7. Kanalabdeckung nach Anspruch 6, dadurch gekennzeichnet, daß im nicht deformierten zylinderförmigen Stangenprofil (12) an wenigstens einer Stirnseite als Endstück ein Zapfen (13) eingebracht ist.
8. Kanalabdeckung nach Anspruch 6 oder 7, dadurch gekennzeichnet, daß am zylinderförmigen Stangenprofil (12) an wenigstens einer Stirnseite als Endstück eine weichelastische deformierbare Hülse (14) angebracht ist.
9. Kanalabdeckung nach einem der vorhergehenden Ansprüche, dadurch gekennzeichnet, daß der Durchmesser des zylinderförmigen Profils (10; 12) im nicht deformierten Zustand im Bereich des Endstücks (11; 13; 14) etwa dem Durchmesser des nicht deformierten zylinderförmigen Profils (10; 12) plus der doppelten Dicke des auf einen Gummituchzylinder (1) aufgezogenen Gummituchs (2) entspricht.
10. Kanalabdeckung nach Anspruch 7, dadurch gekennzeichnet, daß der Zapfen (13) weichelastisch ist und etwa die Härte des zylinderförmigen Stangenprofils (12) aufweist.

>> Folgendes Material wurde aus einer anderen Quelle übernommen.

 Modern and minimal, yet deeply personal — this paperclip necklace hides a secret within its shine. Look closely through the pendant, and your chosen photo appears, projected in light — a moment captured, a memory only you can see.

11. Kanalabdeckung nach einem der vorhergehenden Ansprüche, dadurch gekennzeichnet, daß die Länge des als Zapfen (11; 13) oder Hülse (14) ausgebildeten Endstücks etwa der Länge der gummituchfreien Zone auf einem Gummituchzylinder (1) entspricht.

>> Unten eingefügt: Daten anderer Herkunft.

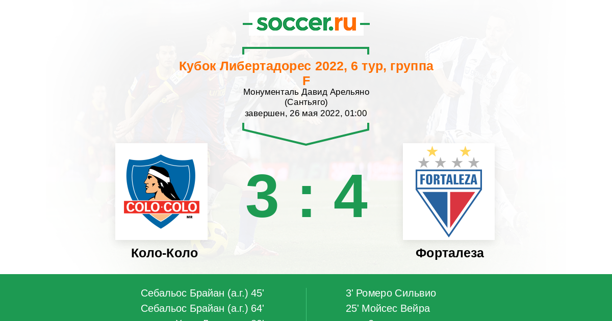 Протокол матча Коло-Коло против Форталеза

12. Kanalabdeckung nach einem der vorhergehenden Ansprüche, dadurch gekennzeichnet, daß Endstücke (11; 13; 14) beidseitig des zylinderförmigen Profils (10; 12) angebracht sind.
13. Kanalabdeckung nach einem der vorhergehenden Ansprüche, dadurch gekennzeichnet, daß der Außendurchmesser des zylinderförmigen Profils (10; 12) im nicht deformierten Zustand größer ist als die Zylinderkanalbreite am äußeren Durchmesser des Zylinders (1).